Items listed in a dataset
====

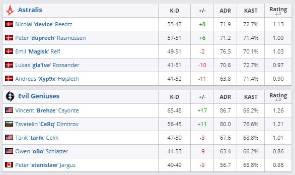 Evil Geniuses обыграли коллектив Astralis в рамках первого тура группы “D” ESL Pro League Season 13 со счетом 2:1.
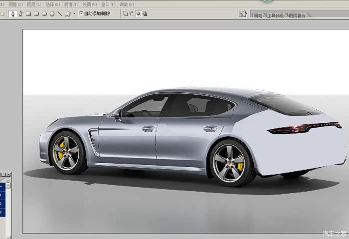 好了,有了这些细节,就开始做效果图了。但车轮哥并不是画匠,所以靠几个小时来画一部逼真的车,目前还做不到,所以只能找现成的修改。考虑到新款Panamera和现款有很多相似之处,所以先贴入一张现款Panamera。
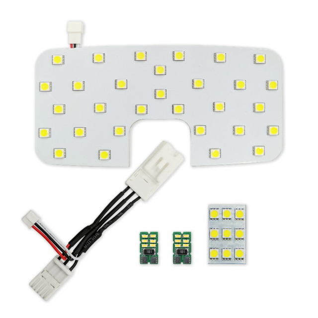 | ≪フロントのみ≫ フロントランプ1p ≪リアラゲッジバニティのみ≫ リアセンターランプ1p、専用配線、バニティランプ2p、ラゲッジランプ1p ≪フルセット≫ フロントランプ1p、リアセンターランプ1p、専用配線、バニティランプ2p、ラゲッジランプ1p、パッケージ、内張りはがし |
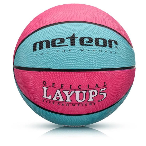 Piłka koszykowa Meteor LayUp 5 różówo-niebieska 07085
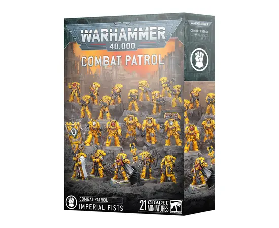 Lead the Sons of Dorn to victory with Combat Patrol: Imperial Fists Rampart Force Torreus. This boxed set puts a Company Heroes squad, five Terminators, five Intercessors, and five Heavy Intercessors warriors whove earned the honor of fighting at their commanders side.
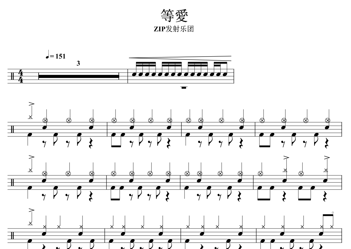 《等爱》是ZIP发射乐团演唱的一首歌曲,拍号为4/4拍,歌曲速度为每分钟151拍,这份架子鼓谱共有四张高清图谱,图谱由 @音符喷血者 编配上传,图谱使用五线谱编配,使用这份等爱架子鼓谱,你将能够轻松地敲打出这首ZIP发射乐团的等爱,快来尝试吧。
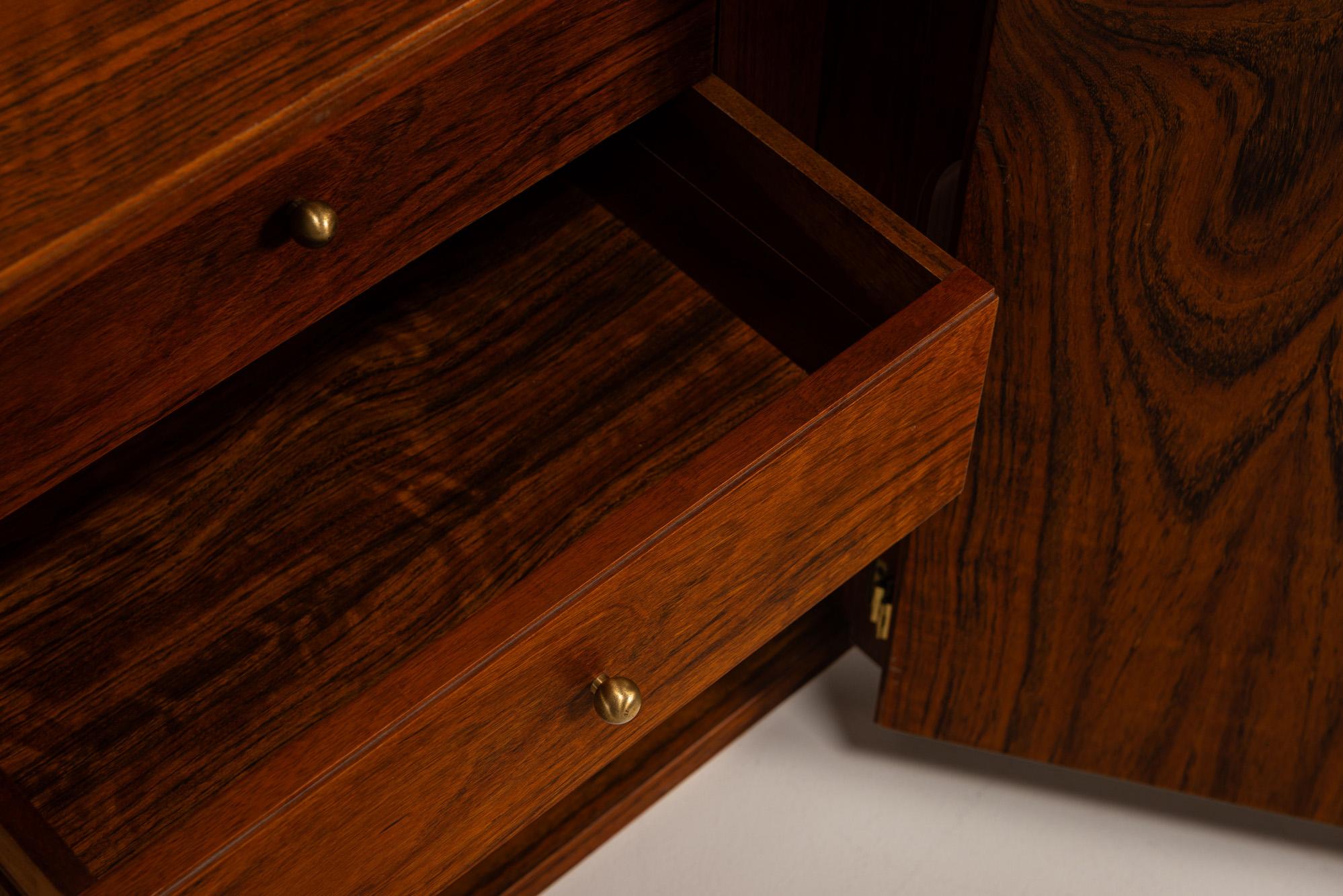 The surface is veneered on all sides, including the interior, demonstrating the same attention to detail throughout. Subtle magnetised closures allow the doors to open effortlessly and close silently. Inside, the central cabinet reveals four drawers, each fitted with small, patinated brass knobs, while the flanking compartments are sectioned with internal shelves for practical storage. The use of solid brass and the continuous walnut grain across the drawers and doors confirms the careful construction and design intent.
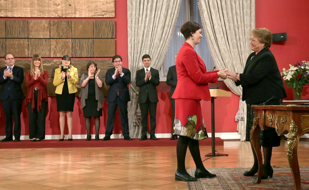 La Ministra del Trabajo y Previsión Social, Ximena Rincón, acompañó a la Presidenta Michelle Bachelet en el nombramiento de Claudia Pascual como la primera ministra de la Mujer y Equidad de Género.

====

Activity - Each line from the one with "好了,有了这些细节,就开始做" through the final line of the records must be copied exactly, with no pictures and no additional lines.

Solution -
 好了,有了这些细节,就开始做效果图了。但车轮哥并不是画匠,所以靠几个小时来画一部逼真的车,目前还做不到,所以只能找现成的修改。考虑到新款Panamera和现款有很多相似之处,所以先贴入一张现款Panamera。
 | ≪フロントのみ≫ フロントランプ1p ≪リアラゲッジバニティのみ≫ リアセンターランプ1p、専用配線、バニティランプ2p、ラゲッジランプ1p ≪フルセット≫ フロントランプ1p、リアセンターランプ1p、専用配線、バニティランプ2p、ラゲッジランプ1p、パッケージ、内張りはがし |
 Piłka koszykowa Meteor LayUp 5 różówo-niebieska 07085
 Lead the Sons of Dorn to victory with Combat Patrol: Imperial Fists Rampart Force Torreus. This boxed set puts a Company Heroes squad, five Terminators, five Intercessors, and five Heavy Intercessors warriors whove earned the honor of fighting at their commanders side.
 《等爱》是ZIP发射乐团演唱的一首歌曲,拍号为4/4拍,歌曲速度为每分钟151拍,这份架子鼓谱共有四张高清图谱,图谱由 @音符喷血者 编配上传,图谱使用五线谱编配,使用这份等爱架子鼓谱,你将能够轻松地敲打出这首ZIP发射乐团的等爱,快来尝试吧。
 The surface is veneered on all sides, including the interior, demonstrating the same attention to detail throughout. Subtle magnetised closures allow the doors to open effortlessly and close silently. Inside, the central cabinet reveals four drawers, each fitted with small, patinated brass knobs, while the flanking compartments are sectioned with internal shelves for practical storage. The use of solid brass and the continuous walnut grain across the drawers and doors confirms the careful construction and design intent.
 La Ministra del Trabajo y Previsión Social, Ximena Rincón, acompañó a la Presidenta Michelle Bachelet en el nombramiento de Claudia Pascual como la primera ministra de la Mujer y Equidad de Género.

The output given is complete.